- Poster
- Based on: A Raisin in the Sun 1959 play by Lorraine Hansberry
- Screenplay by: Paris Qualles
- Directed by: Kenny Leon
- Starring: Sean Combs Audra McDonald Phylicia Rashad Sanaa Lathan John Stamos Justin Martin Bill Nunn Ron Cephas Jones David Oyelowo Sean Patrick Thomas
- Composer: Mervyn Warren
- Country of origin: United States
- Original language: English

Production
- Producers: Sean Combs Craig Zadan Neil Meron
- Cinematography: Ivan Strasburg
- Editor: Melissa Kent
- Running time: 131 minutes
- Production companies: Bad Boy Films Storyline Entertainment Sony Pictures Television

Original release
- Network: ABC
- Release: February 25, 2008

Related
- A Raisin in the Sun;

= A Raisin in the Sun (2008 film) =

A Raisin in the Sun is a 2008 American period drama television film directed by Kenny Leon and starring Sean Combs, Audra McDonald, Phylicia Rashad, and Sanaa Lathan.
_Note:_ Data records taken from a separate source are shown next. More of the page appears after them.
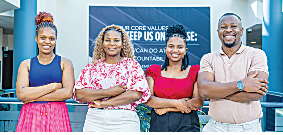
▲ The Clinic Group invites everyone to take that vital first step, get screened, stay informed, and take charge of your health.

This Breast Cancer Awareness Month, The Clinic Group invites everyone to take that vital first step, get screened, stay informed, and take charge of your health. Because awareness saves lives, but action saves even more.
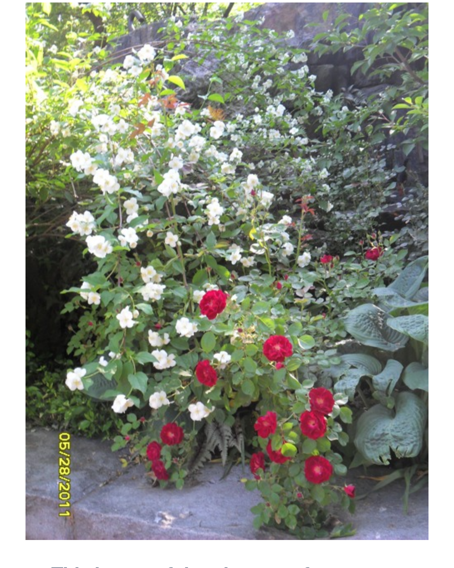
This is one of the pictures of roses that i took in Carl Schurz park.
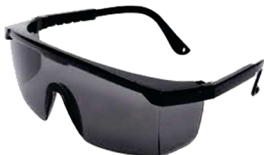
SPECTACLES TINTED ANTI-SCRATCH Safety spectacles. Grey. PV001-GL
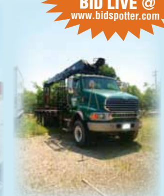
LATE MODEL STERLING BOOM TRUCK
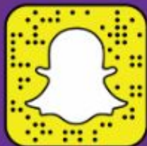
SNAPCHAT Press and hold down
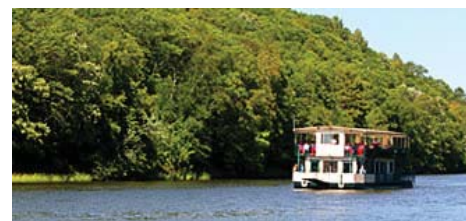
ALL ABOARD THE MISSISSIPPI BELLE!

This morning you may have one last chance to explore Mall of America (based on departure time). Airport transfers are available at 8AM, 10AM and Noon. We hope that by taking this tour, you have a better understanding of the Native Americans, this region, and the need to find solutions to keeping Mother Earth healthy for generations to come. (CB)
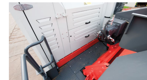
Easy access to engine compartment
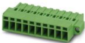
The figure shows an 10-position version

PCB connector, nominal current: 12 A, rated voltage (III/2): 320 V, nominal cross section: 2.5 mm 2 , number of positions: 12, pitch: 5.08 mm, connection method: Crimp connection, color: green, Corresponding female crimp contacts with current [A] and conductor cross section range [mm 2 ] data: 10A/MSTBC-MT 0,5-1,0 (3190564); 10A/MSTBC-MT 0,5-1,0 BA (3190645); 12A/MSTBC-MT 1,5-2,5 (3190551); 12A/MSTBC-MT 1,5-2,5 BA (3190658). BA = Bandkontakte
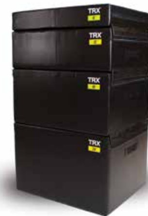
TRX PLYO BOXES 6, 12, 18 and 24 in.
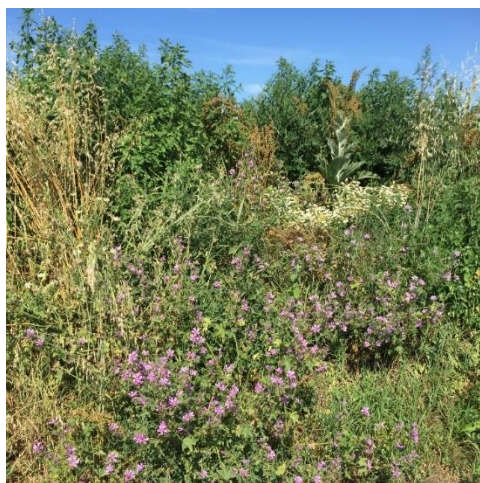
Figure 3. Natural vegetation on reconstituted soil.

a new ecosystem. In the area actually, they are planted more than 5000 species of native trees and shrubs to support revegetation and animal repopulation. Planting, already tried - before reconstitution - without any success, has been possible thanks to reconstituted soils properties, such as soil structure, high organic matter, increase root restricting layer, high fertility. These conditions wouldn't have been obtained only with soil tillage and fertilizations as many of the most important requirement to restore this area are unchangeable before reconstitution. The spontaneous recolonization occurred in the reconstituted soils (Figure 3) before planting gives evidence of fertility of reconstituted soils in comparison with human transported materials (Figure 4).
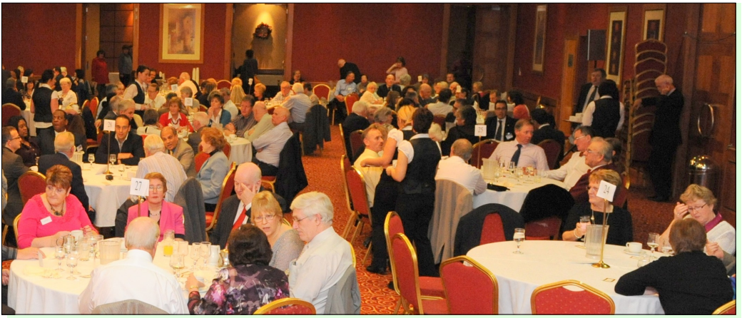
Above: the banquet and, (below), groups of Irish and UK leaders
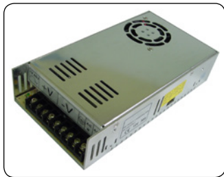
45-609-HG 12VDC, 29 AMP L.E.D. LIGHTING POWER SUPPLY
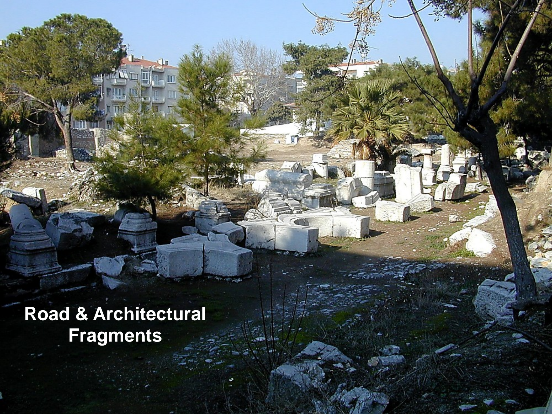
Road & Architectural Fragments
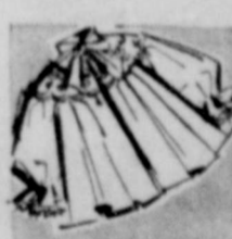
Dainty Bed Jacket
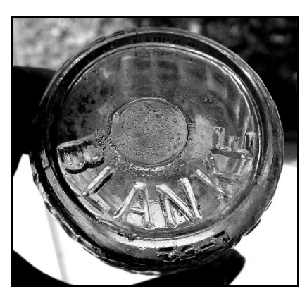
Figure 8 - BLANKE base

A bottle in our possession had 24 panels and was embossed with "SNOW & PALMER /
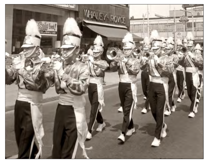
Toronto Optimists on Yonge Street in front of Whaley-Royce (1965)

Over the years Whaley-Royce had occupied, at different times, a number of locations on downtown Yonge St. They moved their wholesale division to suburban Scarborough in 1975. At that time, the company ceased manufacturing instruments. It gave up its downtown location in 1976. While Whaley-Royce might have disappeared into history many members of Toronto's drum corps
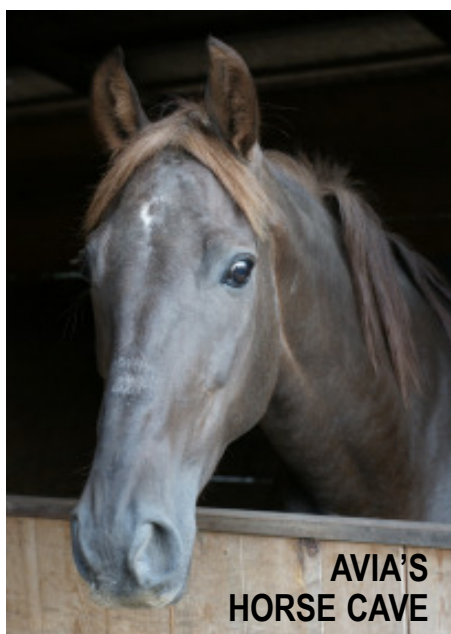
AVIA'S HORSE CAVE
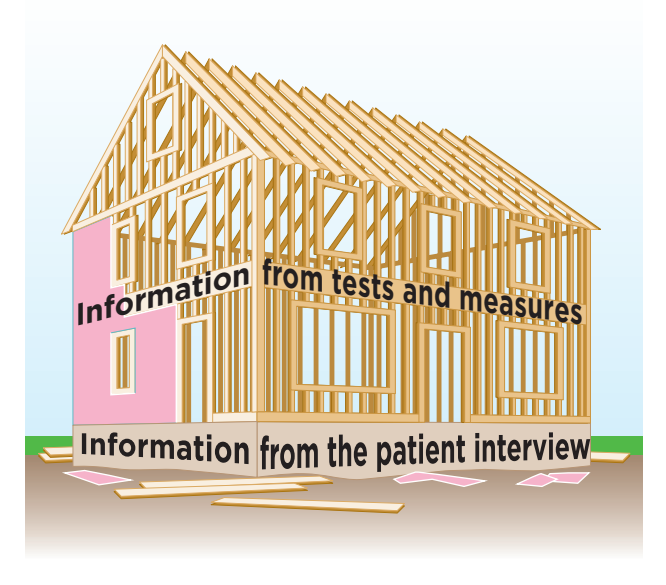
FIGURE 1-2 Consider the patient examination analogous to the process of building a house.

Chapters 2 through 4 discuss various aspects of the initial patient interview, also considered the subjective history or patient history .
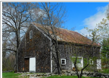
The Barn – Gifted to the Town 2018 – Dismantled Spring 2018

This barn will provide space for holding educational events, private, public and civic events and activities. It will provide an opportunity for rental purposes, for events such as, weddings, demonstrations, lectures, and funding events. The revenue from rentals would support the Farmstead and its activities. Additional uses could include community meetings, a place holding local elections, youth, and scouting programs and so on. Future space needs for the community could be met with the barn.
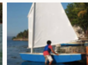
IT can easily be handled even by kids
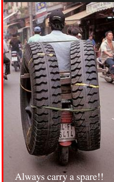
Always carry a spare!!
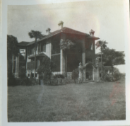
Our home in Hengchow, 1934
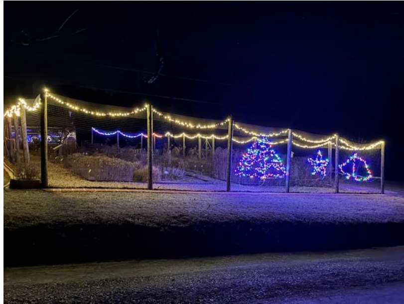
BUTTERFLY GARDEN MASTER GARDENERS

The teleplay by Paris Qualles is based on the award-winning 1959 play of the same name by Lorraine Hansberry and is the third film adaptation of that play, following the 1961 film that starred Sidney Poitier, Ruby Dee, Claudia McNeil, and Diana Sands, and the 1989 TV version on PBS' American Playhouse starring Danny Glover and Esther Rolle.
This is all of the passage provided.